Sat Aug 11, 2018, 10:35 PM
Aug 2018

In whole or in part.

They found them offensive or were suspicious of the motivation. 1980. 1990. 2000. 2010. Every year, some group objected.

When they were fundie Xians objecting and it did make the news, the tone was, "You're violating the law if you don't answer! Eat your peas!" When they were left-of-center objections, the tone was, "Bad Census Bureau! You're wrong in even asking these questions."

I didn't object or carp when people didn't return their forms. I did point out that government services and electoral apportionment rely on their returning the form, however, and if they don't and they're undercounted then they're shortchanging their local and state governments and their own voting strength.

Many questions on the census are there for the sole purpose of gathering information for the purpose of implementing laws. Every one tweaks the response rate in some way. I like the stripped down limited provision. Write down how many people are there and be done with it.

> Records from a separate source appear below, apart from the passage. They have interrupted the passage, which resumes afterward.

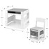 DIMENSIONS : Dimensions de la table : L 61,5 x L 61,5 x H 48,5 cm Hauteur jusqu'à la tablette inférieure de la table : 37 cm Dimensions du compartiment de rangement sous le plateau : L 59,5 x L 25,5 x H 8 cm Dimensions du compartiment de rangement latéral : L 54,5 x H 16,5 x P 6,5 cm Épaisseur du plateau : 12 mm Dimensions de la chaise : L 28,5 x L 31 x H 53 cm Hauteur d'assise : 27 cm Dimensions du coffre de rangement : L 25,5 x L 24 x H 12 cm Charge maximale de la chaise : 35 kg Charge maximale de la table : 35 kg Poids net : 17,5 kg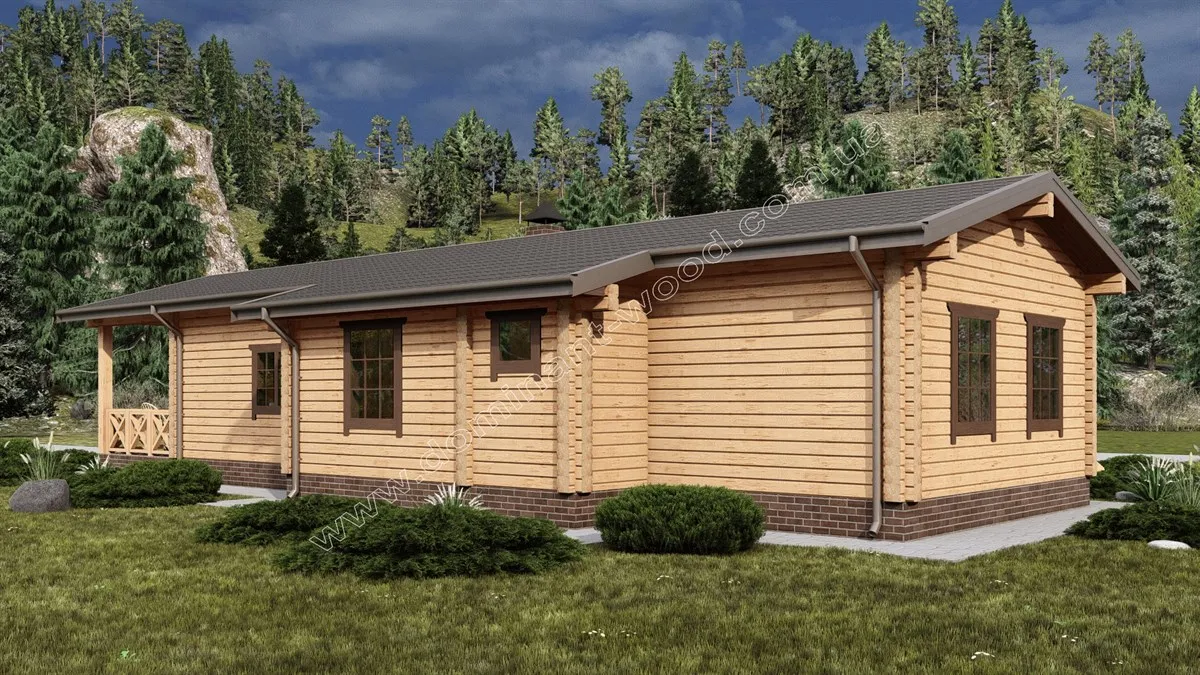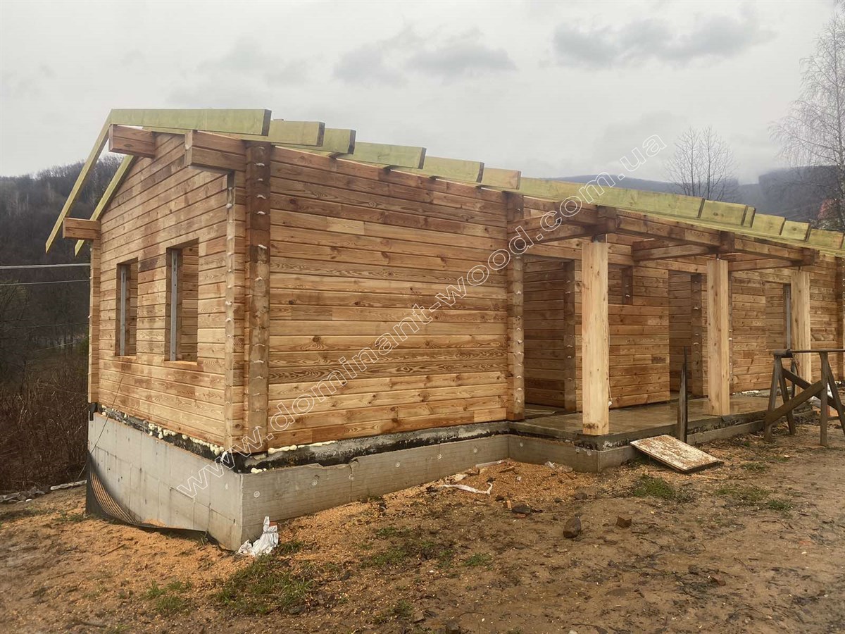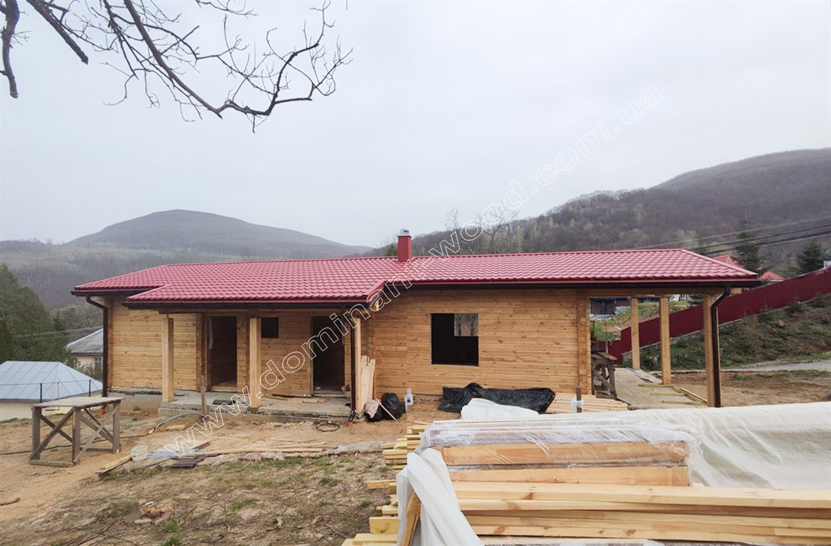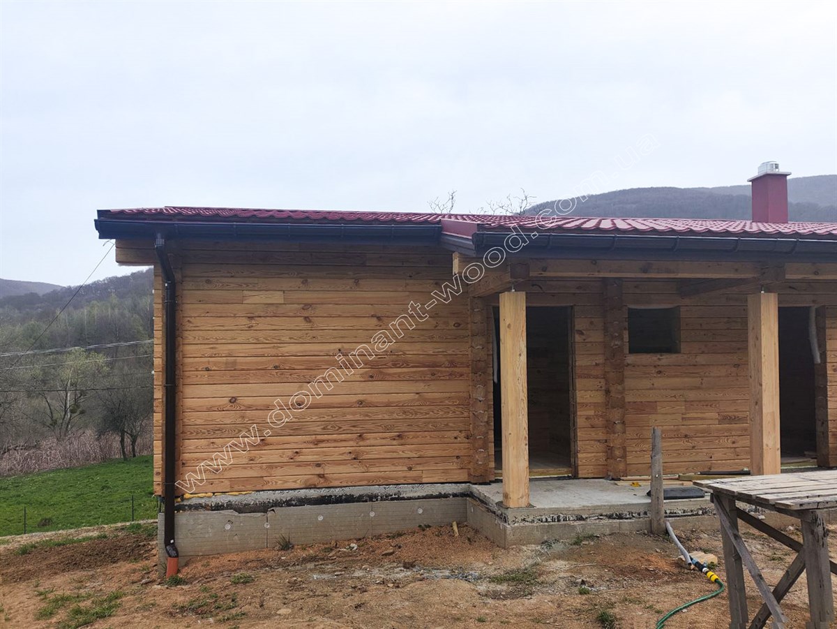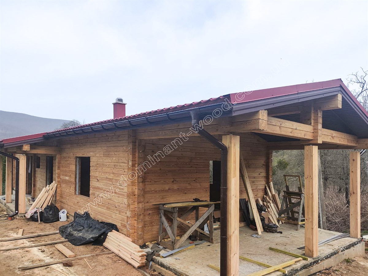 Зовнішня презентабельність струганих, дерев’яних стін не вимагає ніяких додаткових прикрас у вигляді обшивки фасадів, декорування або облицювання. Достатньо лише підкреслити природну естетику шліфуванням та покриттям для захисту і довговічності. Тому котеджі з брусів можна порівняти з готовими конструкторами, які достатньо легко і швидко складаються та не потребують масштабних фінішних робіт. За окрему вартість майстри «Домінант» можуть зібрати такий готовий будинковий комплект на фундамент замовника та доповнити зруб покрівлею, поставити вікна, двері, тощо. Саме таку додаткову комплектацію ми виконали по замовленню на котедж «Олеандра».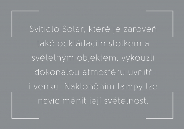 Osvětlení, stolek, či rovnou světelný objekt? To je stojací svítidlo Solar od italské značky Foscarini. S ním vykouzlíte dokonalou atmosféru uvnitř i venku. Nakloněním lampy navíc můžete měnit její svítivost. Na odkládací plochu z lakovaného kovu či dřevěné dýhy můžete odkládat jakékoliv drobnosti. Venkovní varianta obsahuje glazovaný kov s rezavým vzhledem. Seženete v showroomech Hagos, Stockist a Designpropaganda.
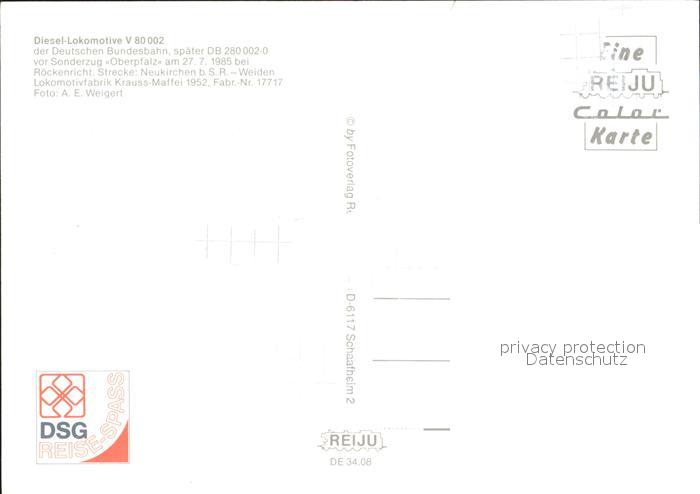 Eisenbahn Diesel-Lokomotive V 80-002 Sonderzug Oberpfalz Roeckenricht postalisch nicht gelaufen Erhaltung siehe scans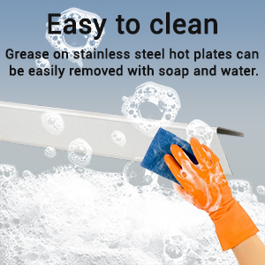 Grease on stainless steel hot plates can be easily removed with soap and water,

(As for the PR numbers, the problem's messier than the write wants to admit. "Death due to" implies immediacy. Not "my grandfather died because he had no electricity went out and he had to walk 5 miles every other day to the store for ice, and 3 months after Maria hit he was killed by a drunk driver on the way back home from the store." There needs to be two accurate numbers: Those killed by the storm fairly directly, and the increase in mortality in a specified amount of time, just for comparison purposes. The "actual number" is as arbitrary as the official number, masked by the word "actual" as though it had greater legitimacy. One study gave the most likely value of excess deaths given statistical treatment of the results, with rather large error bars which were completely ignored by the press who probably thought an "error bar" was the kind of drinking establishment one entered by accident; the other picked an arbitrary time frame and compared the deaths with those from the previous year for the same period ... Which, of course, misses that some things are random and random doesn't mean "it averages out".)